I live in the country and years ago we had three cats. A feral tomcat showed up one day and my wife started feeding it. It would run the other cats off of the food and after a few days one of our cats came up lame, it was limping because of its hind leg. I told my wife I needed to shoot the feral but she didn’t want it shot. The next day a second one of our cats was limping and the day after that the first lame one disappeared never to be seen again. My wife’s attitude changed to “shoot that effing thing!!!” which is what I should have done day one. It quickly soaked up a .22 LR bullet.
Cats are what they are and have to be controlled whether that be by keeping them inside or through other means. Not all outdoor cats are uncontrollable but if they get too destructive sometimes you’ve got to step in an take care of it.

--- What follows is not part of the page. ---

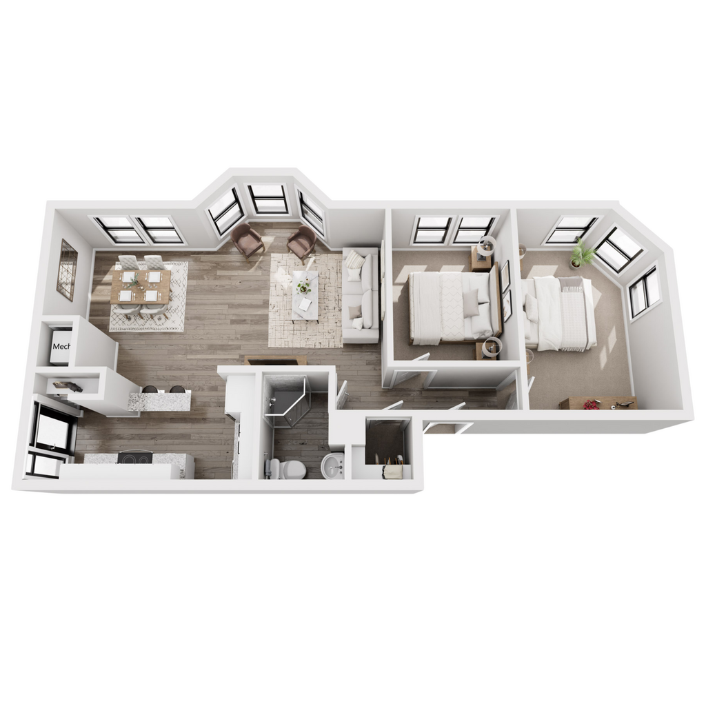 2 Beds, 1 Bath, 715 sq ftModel Gallery
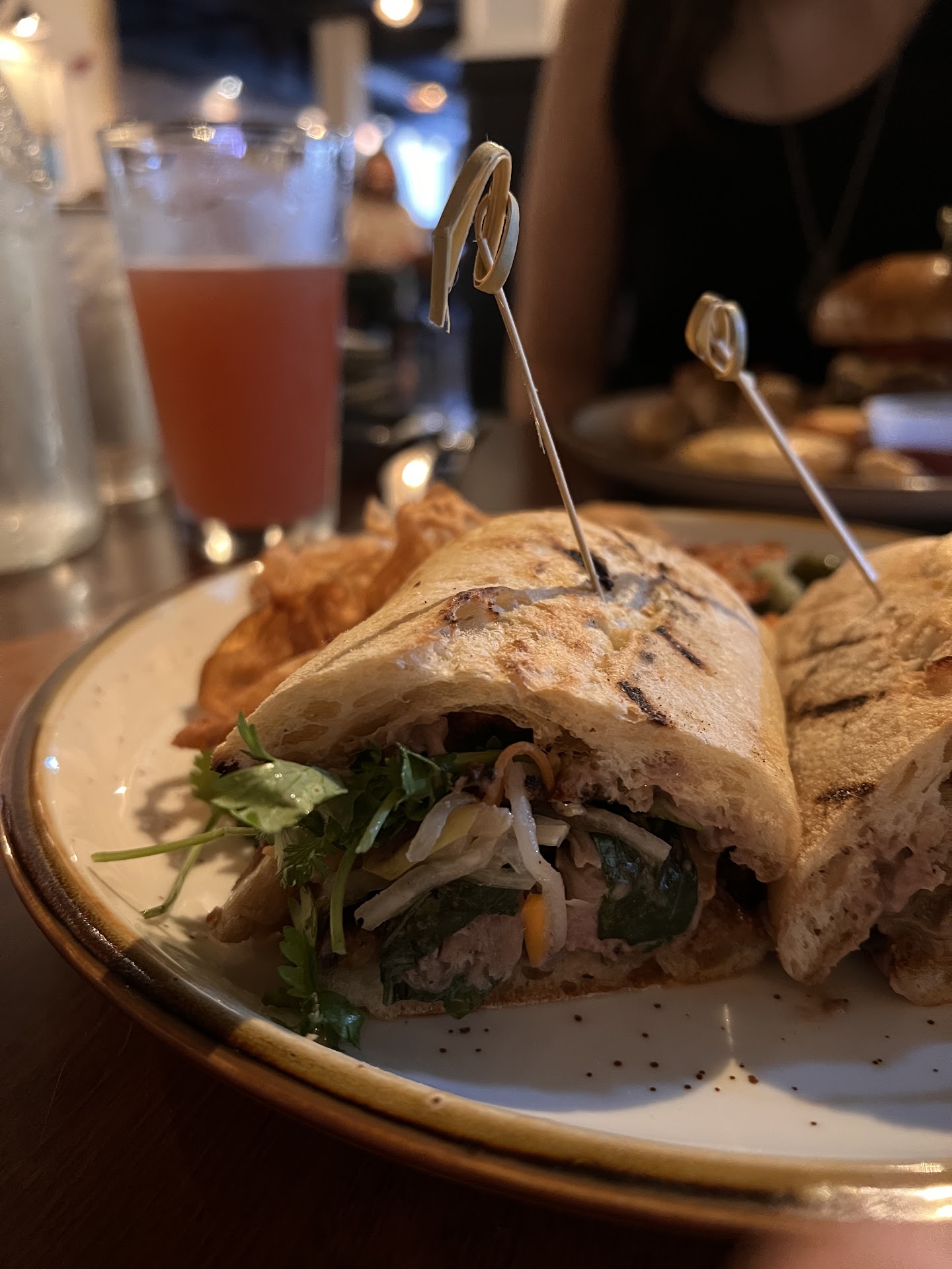 Our server brought us our cocktails holding the glassware from the top which contaminated the rims. Thankfully, they had straws so we chose not to send them back. She failed to add olives and asked us again if we had wanted them. Yes, we did. She brought them on a saucer without toothpicks. A martini there is something like $15? Get it right.

You need one of these Savannah cats so it can run with your big dogs:
https://www.youtube.com/watch?v=BSqb6DvyGDs
Cats should be trained to have a preference of Canadian geese.
seriously? Because they are cats.
They stay on my property.
actually they have a cat door.
I am well aware of the wild animals. We have a bobcat now, and we do not let them out when the packs are running.
My daughters cats were 15 and 5 years old when they moved out to the city a few months ago. Our last cat was 13 when she died.
The cats all stayed on our property except for the last cat who used to follow the stream to the cemetery when she caught mice for hours and was well known and loved by the neighborhood.
To me, cats are a pleasure and they also are working animals.
I brought my cats to our vet years ago. He wanted stool samples, and when I explained that the girls were all outdoor cats, he looked them over and stated he had never seen such healthy specimens of cat. A couple of years later he said that he too had started letting his cats outside too.
House cats are an invasive species.
40 million feral are not native to North America ... extinct birds, etc.
“...Undocumented birds are running our native birds like purple martins, bluebirds and woodpeckers out of our neighborhoods.”
So now you say invasive bird species are the problem?
Here, where we live anyway, barn swallows, blackbirds and woodpeckers are plentiful, and the woodpeckers are problematic.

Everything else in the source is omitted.